Anyway Bay needed a hot chick who couldn’t necessarily act for his 3rd film. So he got that Victoria’s Secret model. She was used to walking around in her under wear in front of an audience so she might have what it takes to be an actress. The transplant didn’t take so he might as well have just gone for Adriana Lima. She’s good enough for multiple Superbowl ads (that’s how you know which one is the archangel)!

from loose lips to loose ends

That left Meggers at loose ends. She wasn’t working much since Jennifer’s Body bombed. She was doing some B stuff that no one talked about, or saw. The Internet wasn’t even keeping track of her latest verbal diarrhea attack. It’s hard to keep a major Hollywood career afloat when people are forgetting about you.

“I can do Wonder Woman now – or even some Esurance commercials!”

She tried to keep herself busy. She married longtime boyfriend BAG. She did a few adds. She waited for Comic Con to ask her back. That leaves a lot of slack in the schedule, and you can only fill up so much time playing Guitar Hero! So your probably wondering “how’s Ms Megan is handling early semi retirement?” The answer is worse than Erin Esurance! This heartbreaking recent pic of Megan tells the whole sad story.

There have been some scary celebrity crashes but this takes the cake!
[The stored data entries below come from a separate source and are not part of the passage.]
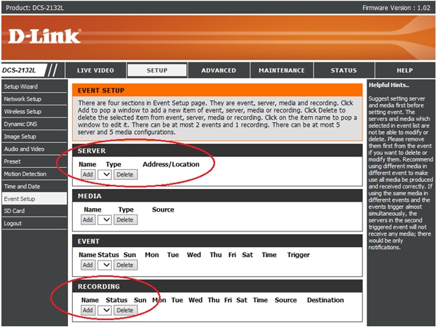 2. Перейдите на вкладку SETUP (вверху) а затем выберите раздел Event Setup (слева)
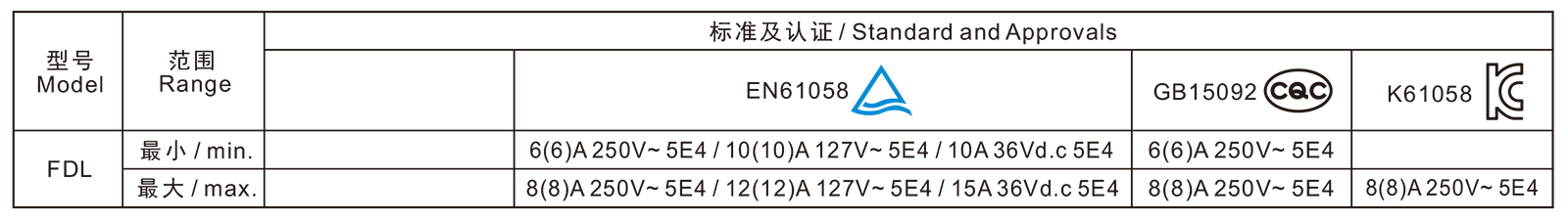 电气参数和认证 Electric Rating and Certification
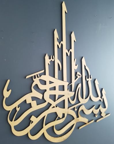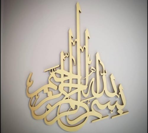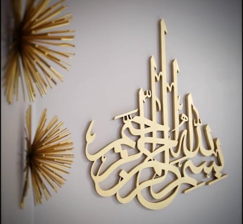 - تصميم فاخر: لوحة فنية جدارية إسلامية حديثة ثلاثية الأبعاد تتميز بكتابة بسم الله بخط أنيق، مصنوعة من معدن عالي الجودة بلمسة نهائية ذهبية لديكور المنزل الراقي.
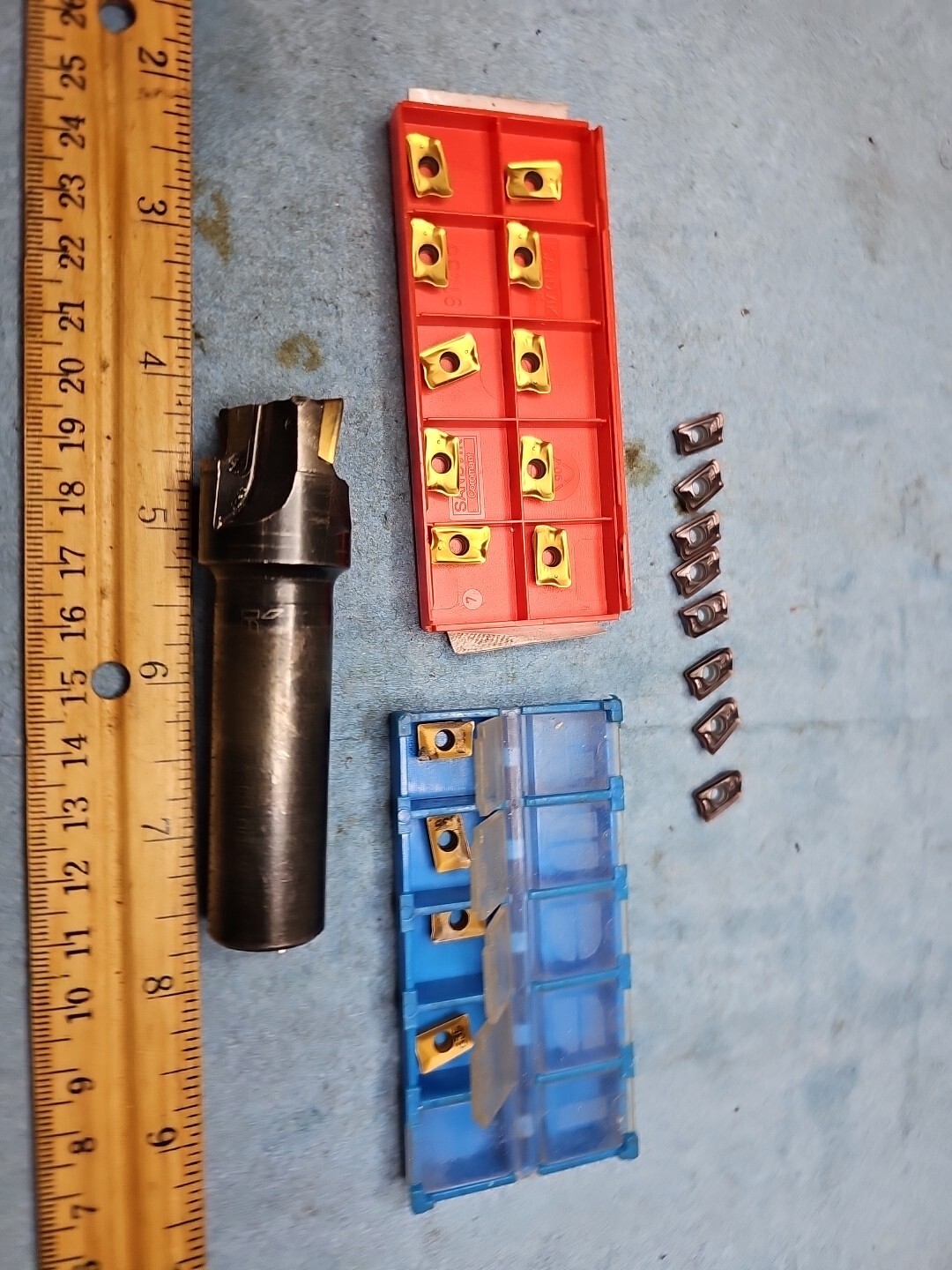 INCLUDES 10 NEW SANDVIK R390-11 T3 08M-PL GRADE 1025 CARBIDE INSERTS 4 NEW ISCAR APMM 1003 PD-R 635 CARBIDE INSERTS 8 NEW CARBIDE INSERTS MFG UNKNOWN ALL INSERT SCREWS HAVE BEEN LOOSENED AND RETIGHTENED AND ARE IN EXCELLENT WORKING CONDITION This modified ISCAR indexable end mill is a must-have for your metalworking supplies. With a 1-inch cutting diameter and a 3/4-inch shank diameter, it is perfect for your CNC machines. The 2 flute design and 22 new inserts make it a great addition to your tool box The brand ISCAR is known for their high-quality tools and this end mill is no exception. Whether you're finishing off a project or creating a new one, this indexable end mill will help you achieve the desired results. Don't miss out on the opportunity to add this versatile tool to your arsenal.
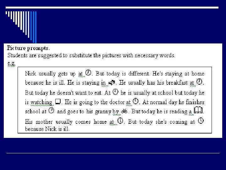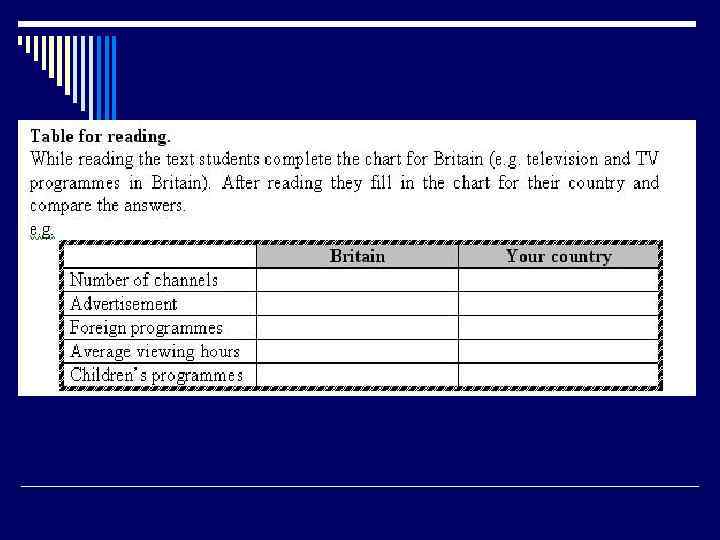 Чтение как цель и/или средство обучения 12. Найти изучаемое грамматическое явление в тексте и использовать его в своих предложениях. 13. Выполнить тест на проверку уровня сформированности лексикограмматических навыков. 14. Выполнить контрольное задание на проверку умения аудировать или писать на АЯ. 15. Узнать что-то новое.
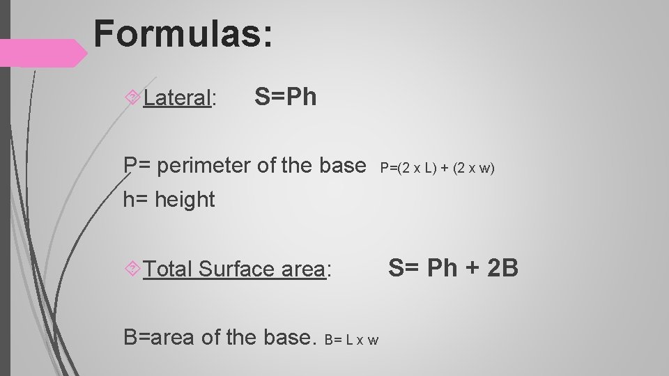 Formulas: Lateral: S=Ph P= perimeter of the base P=(2 x L) + (2 x w) h= height Total Surface area: S= Ph + 2 B B=area of the base. B= L x w

a funny thing happened on the way to rehab

There’s just no rehab for that! Many of us have done that door stopper thing – though in most cases it was because of Asperger’s Syndrome. When otherwise normal people get there things are bad. So bad that I hear Megger’s has been asking around to find out if the Wonder Woman part is still available. Look at it from her point of view – it’s a rough spot for a chick who used to be the next Angelina Jolie and is now lower than Al Gore. So send some good vibes out her way and tell her Wondertrash sent ’em! Also be sure to see her in The Great Dictator with Sacha Baron Cohen! You really need to support her in this cause her door stop routine is getting ont he neighbors’ nerves.